▶ About this task: Among the lines below, the one containing "Gerduck Campingtält för" opens the range and the one containing "As the Georgia" closes it. Print that range exactly, without the pictures.

▶ Provided records:
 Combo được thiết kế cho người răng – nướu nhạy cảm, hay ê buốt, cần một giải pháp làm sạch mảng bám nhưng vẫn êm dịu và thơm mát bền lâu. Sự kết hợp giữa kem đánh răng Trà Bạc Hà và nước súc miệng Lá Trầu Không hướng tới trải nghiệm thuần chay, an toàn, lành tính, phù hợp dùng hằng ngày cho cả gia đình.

...

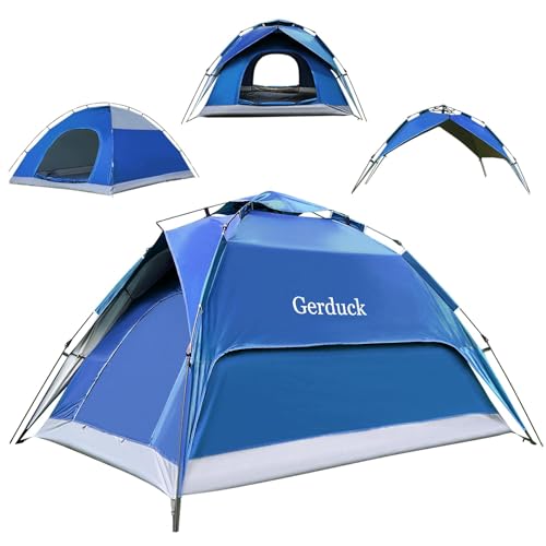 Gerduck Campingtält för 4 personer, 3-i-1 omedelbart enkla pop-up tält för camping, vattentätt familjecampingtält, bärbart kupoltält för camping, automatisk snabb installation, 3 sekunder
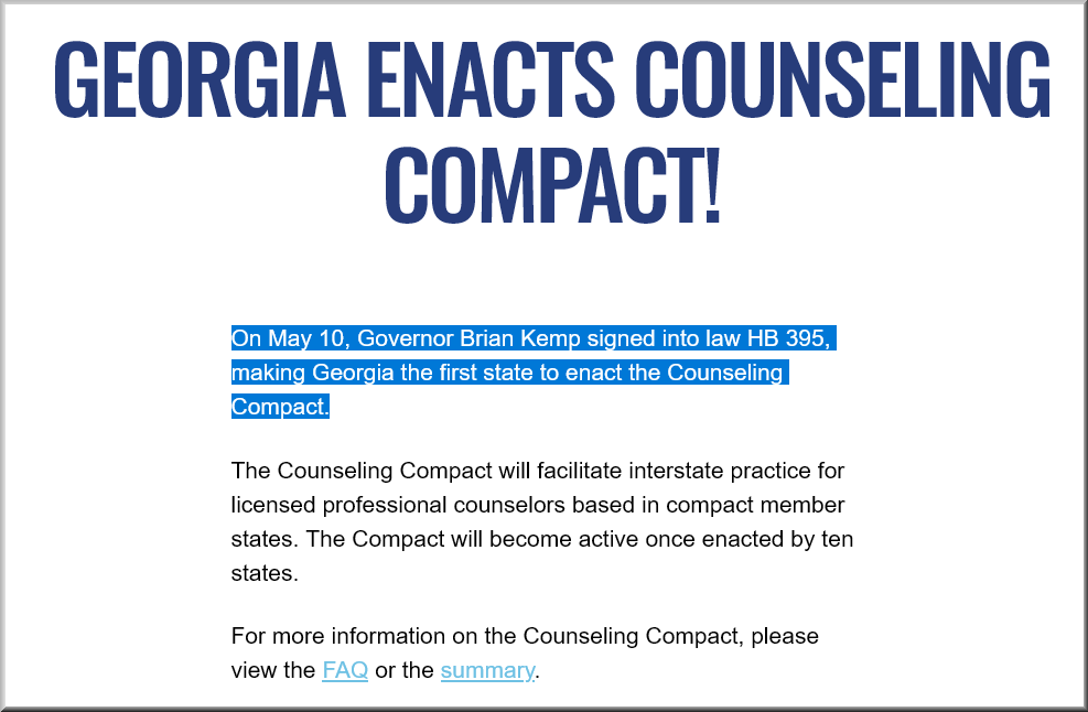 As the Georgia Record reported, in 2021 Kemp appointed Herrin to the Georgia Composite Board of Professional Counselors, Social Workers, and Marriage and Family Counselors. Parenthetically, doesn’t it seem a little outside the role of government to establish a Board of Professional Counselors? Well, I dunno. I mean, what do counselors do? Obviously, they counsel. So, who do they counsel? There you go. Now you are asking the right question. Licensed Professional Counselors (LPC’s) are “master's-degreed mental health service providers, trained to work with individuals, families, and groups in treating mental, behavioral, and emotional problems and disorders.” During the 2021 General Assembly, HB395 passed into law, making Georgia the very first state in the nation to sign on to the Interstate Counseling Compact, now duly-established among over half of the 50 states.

▶ Completed task:
 Gerduck Campingtält för 4 personer, 3-i-1 omedelbart enkla pop-up tält för camping, vattentätt familjecampingtält, bärbart kupoltält för camping, automatisk snabb installation, 3 sekunder
 As the Georgia Record reported, in 2021 Kemp appointed Herrin to the Georgia Composite Board of Professional Counselors, Social Workers, and Marriage and Family Counselors. Parenthetically, doesn’t it seem a little outside the role of government to establish a Board of Professional Counselors? Well, I dunno. I mean, what do counselors do? Obviously, they counsel. So, who do they counsel? There you go. Now you are asking the right question. Licensed Professional Counselors (LPC’s) are “master's-degreed mental health service providers, trained to work with individuals, families, and groups in treating mental, behavioral, and emotional problems and disorders.” During the 2021 General Assembly, HB395 passed into law, making Georgia the very first state in the nation to sign on to the Interstate Counseling Compact, now duly-established among over half of the 50 states.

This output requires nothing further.